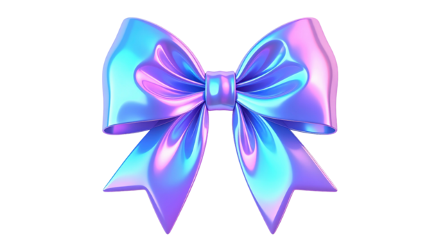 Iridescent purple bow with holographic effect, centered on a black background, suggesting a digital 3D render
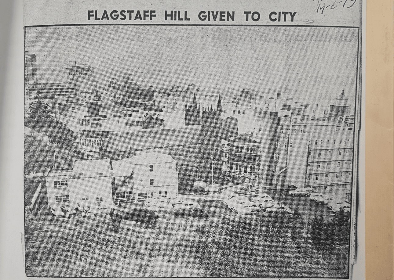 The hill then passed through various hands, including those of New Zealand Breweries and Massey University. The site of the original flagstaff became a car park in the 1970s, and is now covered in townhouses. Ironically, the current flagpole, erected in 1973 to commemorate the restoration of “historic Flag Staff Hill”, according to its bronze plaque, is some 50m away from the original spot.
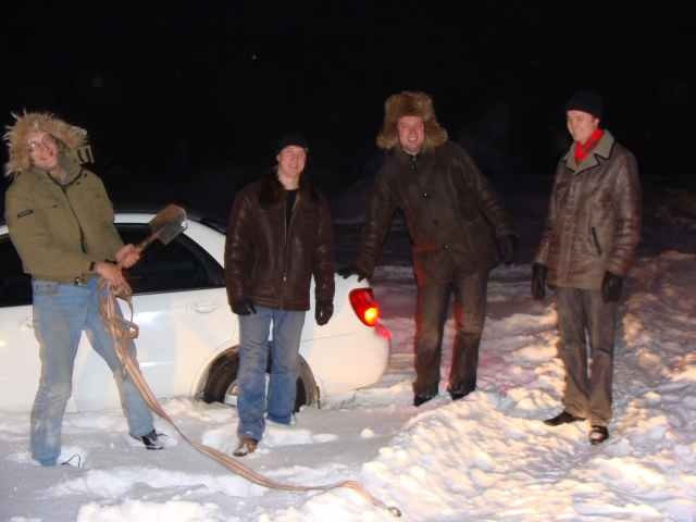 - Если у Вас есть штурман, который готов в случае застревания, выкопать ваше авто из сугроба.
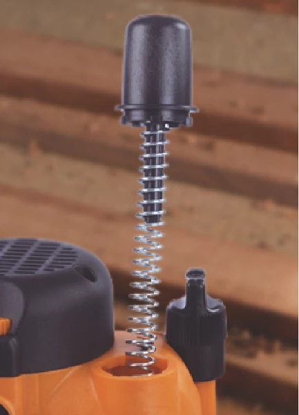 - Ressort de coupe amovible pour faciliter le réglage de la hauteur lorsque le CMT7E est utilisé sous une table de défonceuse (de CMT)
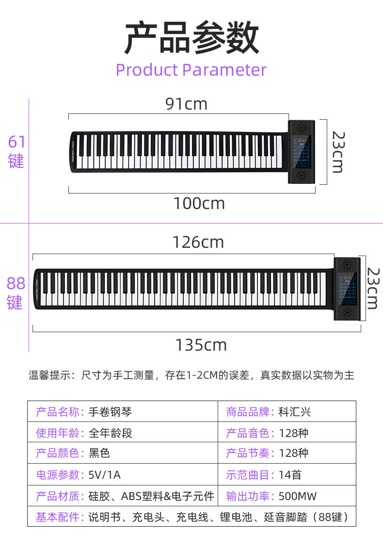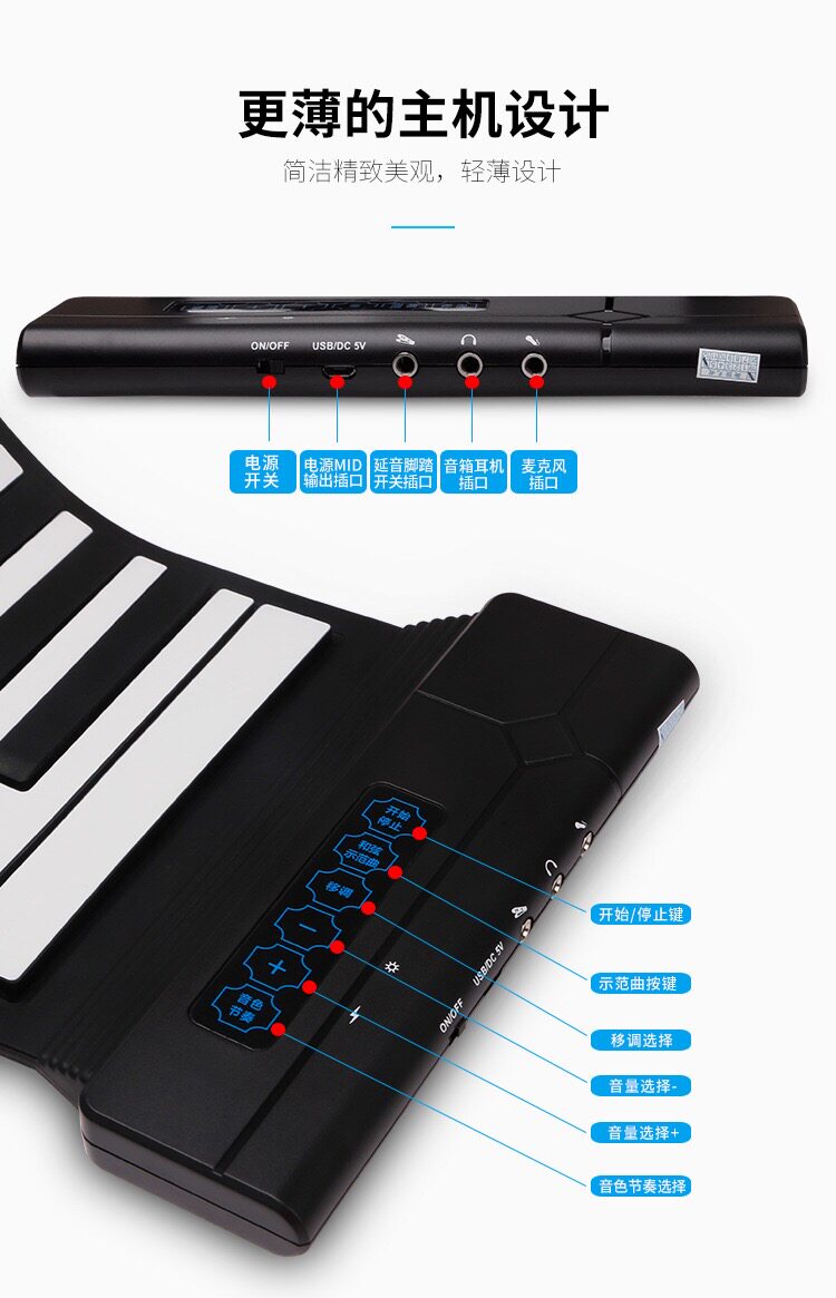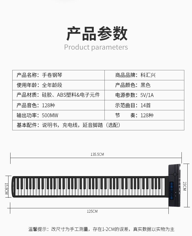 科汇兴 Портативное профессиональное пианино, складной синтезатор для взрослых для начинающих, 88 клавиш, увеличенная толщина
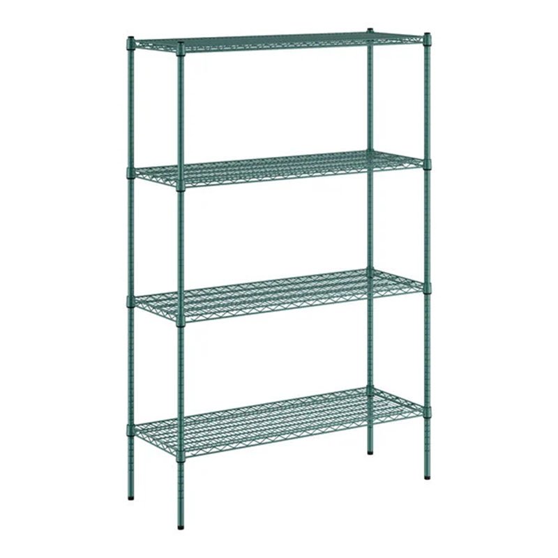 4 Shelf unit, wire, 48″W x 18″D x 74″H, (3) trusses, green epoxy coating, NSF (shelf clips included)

## The problem
An exact copy of each entry is required, minus the pictures.

## Reply
 Iridescent purple bow with holographic effect, centered on a black background, suggesting a digital 3D render
 The hill then passed through various hands, including those of New Zealand Breweries and Massey University. The site of the original flagstaff became a car park in the 1970s, and is now covered in townhouses. Ironically, the current flagpole, erected in 1973 to commemorate the restoration of “historic Flag Staff Hill”, according to its bronze plaque, is some 50m away from the original spot.
 - Если у Вас есть штурман, который готов в случае застревания, выкопать ваше авто из сугроба.
 - Ressort de coupe amovible pour faciliter le réglage de la hauteur lorsque le CMT7E est utilisé sous une table de défonceuse (de CMT)
 科汇兴 Портативное профессиональное пианино, складной синтезатор для взрослых для начинающих, 88 клавиш, увеличенная толщина
 4 Shelf unit, wire, 48″W x 18″D x 74″H, (3) trusses, green epoxy coating, NSF (shelf clips included)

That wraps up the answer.